Natalicía Tracy
Natalicía, the executive director of the Brazilian Immigrant Center and the coordinator of the Massachusetts Domestic Workers Congress, is a tireless advocate for immigrant women and low-wage workers. Natalicía has overcome tremendous personal challenges as a first-generation immigrant and now dedicates her life to empowering other immigrant woman and mothers.
At the age of 19, Natalicía came to the United States from a rural part of Brazil, with no ability to speak English and no more than an eighth grade education, to work as a domestic for a family of two doctors. Their promise of opportunity and income met a grinding reality when Natalicía was paid $25 for over 70 hours of work a week, not allowed access to the telephone or mail and made to sleep in a three-season porch, even in the winter.
Drawing strength from her own story, Natalicía is an extremely organized advocate and a resilient, strategic thinker. Natalicía has worked as a powerful coalition-builder across racial lines and has effectively united labor and faith leaders to support the Massachusetts statewide immigrant rights and domestic workers movement. Natalicía’s leadership is remarkable on many levels, particularly the way in which she uses her abilities to empower other women, making space for them to rise with confidence and for their leadership to emerge.

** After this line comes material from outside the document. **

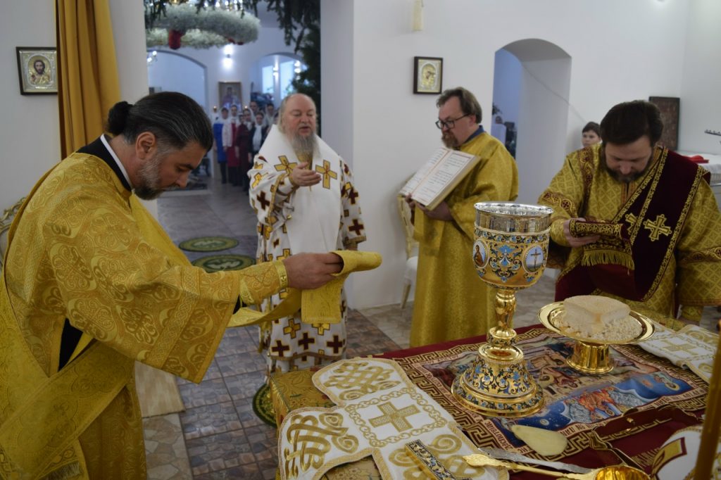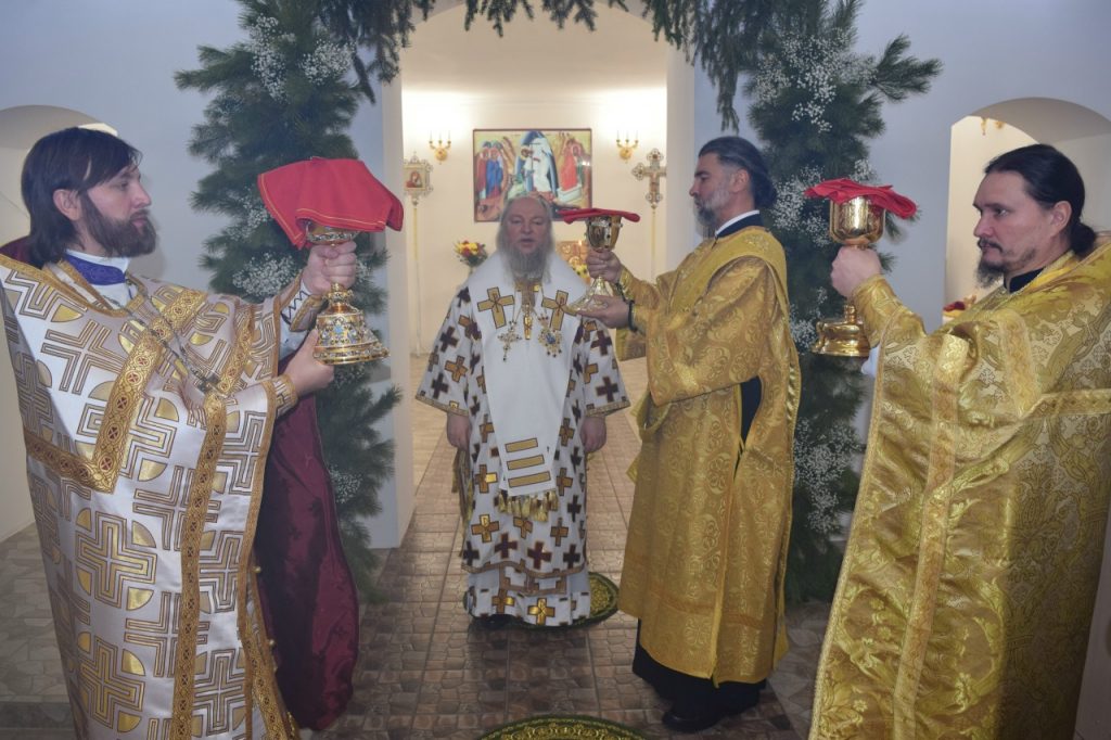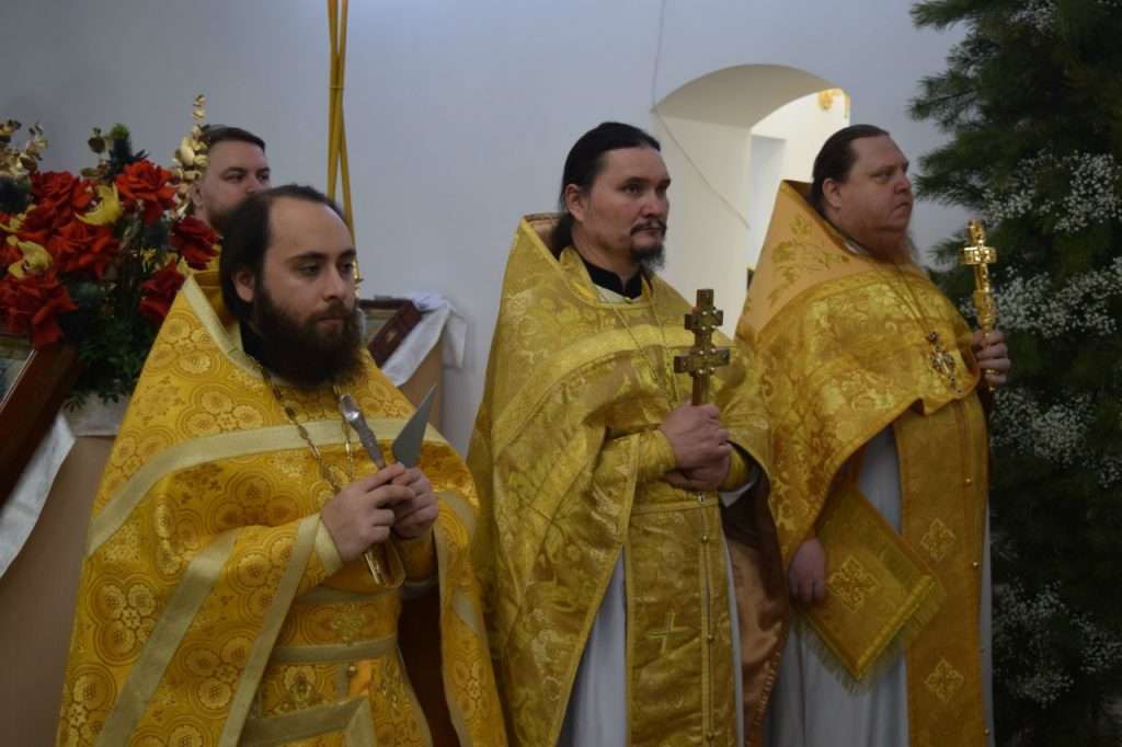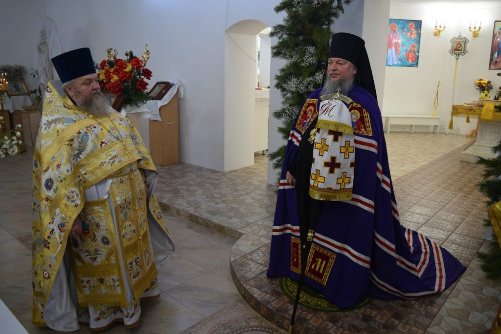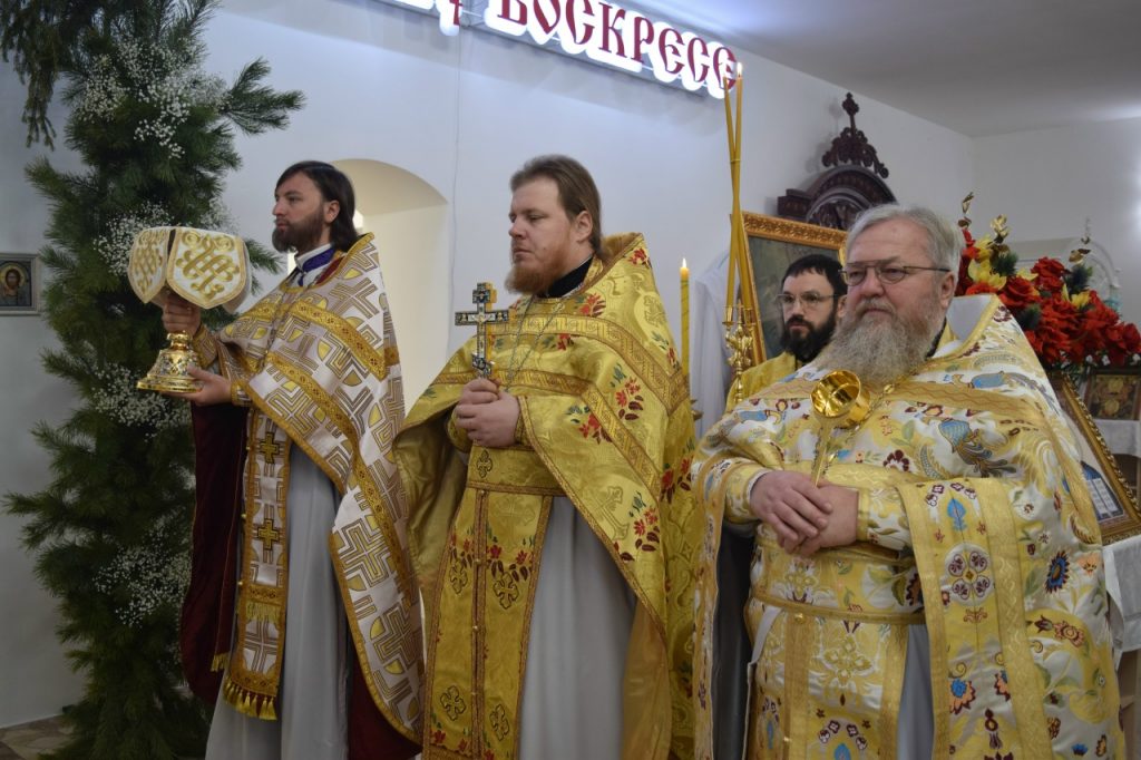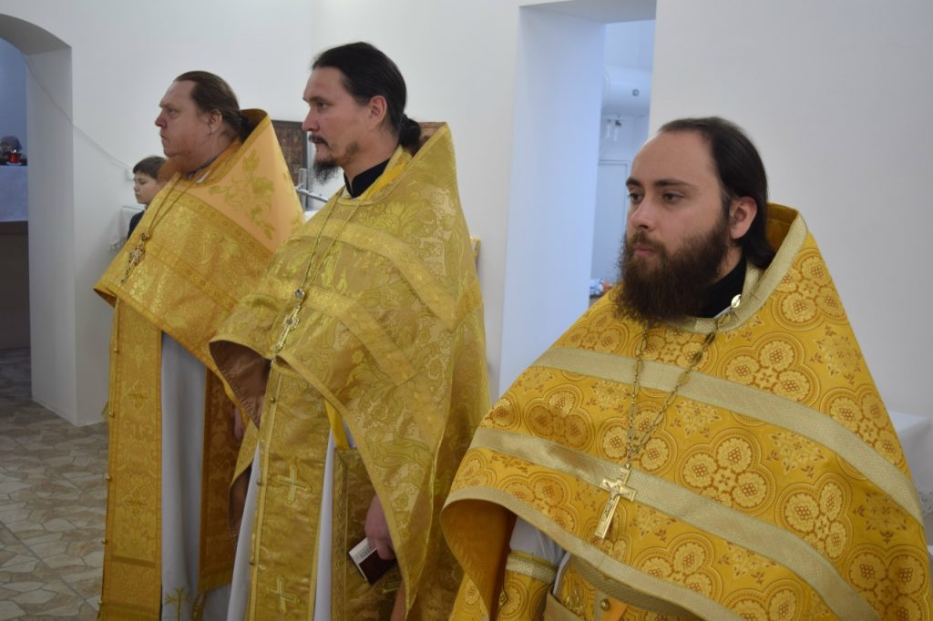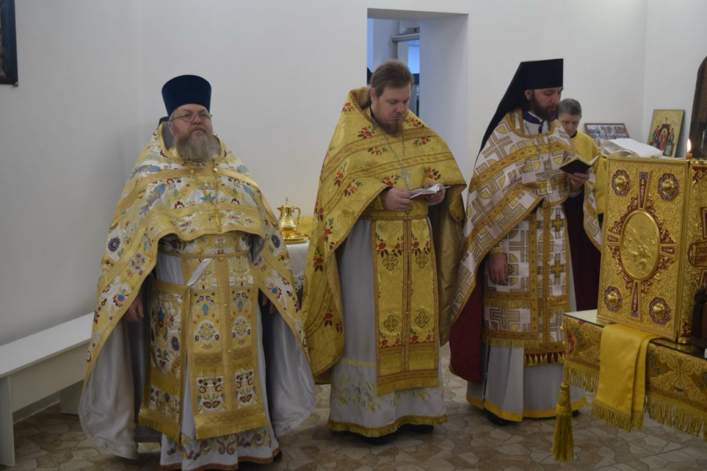 Его Преосвященству сослужили: иеромонах Амвросий (Макаров), врио. секретаря Епархиального Управления; настоятель Молитвенного дома в честь иконы Божией Матери «Воспитание» иерей Иоанн Голованов; благочинный Земетчинского округа, настоятель храма Рождества Христова п.г.т. Земетчино протоиерей Олег Мамонов; клирик Краснослободской епархии (Республика Мордовия) протоиерей Александр Чикиров; и.о.наместника Сканова Пещерного мужского монастыря прпп. Антония и Феодосия Печерских с. Сканово Наровчатского района иеромонах Ювеналий (Жучков);  благочинный Спасского округа, руководитель епархиального миссионерского отдела, настоятель собора Вознесения Господня г.Спасска иерей Святослав Бобко; клирик кафедрального собора Архангела Михаила г. Сердобска иеродиакон Иннокентий (Ганин); клирик храма Рождества Христова р.п. Земетчино диакон Сергий Сурков.

As the director of Boston’s Brazilian Immigrant Center which serves 3,000 Latino immigrants annually around issues of labor, immigration, housing, consumer, civil and human rights—providing direct relief services as well as training and advocacy for the rights of the community through policy and research—Natalicía has helped spearhead projects like a pro bono legal mediation clinic and legal manual, both of which aim to improve domestic workers’ outcomes and relationships with their employers and are having a distinctly transformative effect. All the while, Natalicía is in the process of completing her doctorate in sociology at Boston University on the impact of immigration policy on mixed-status families.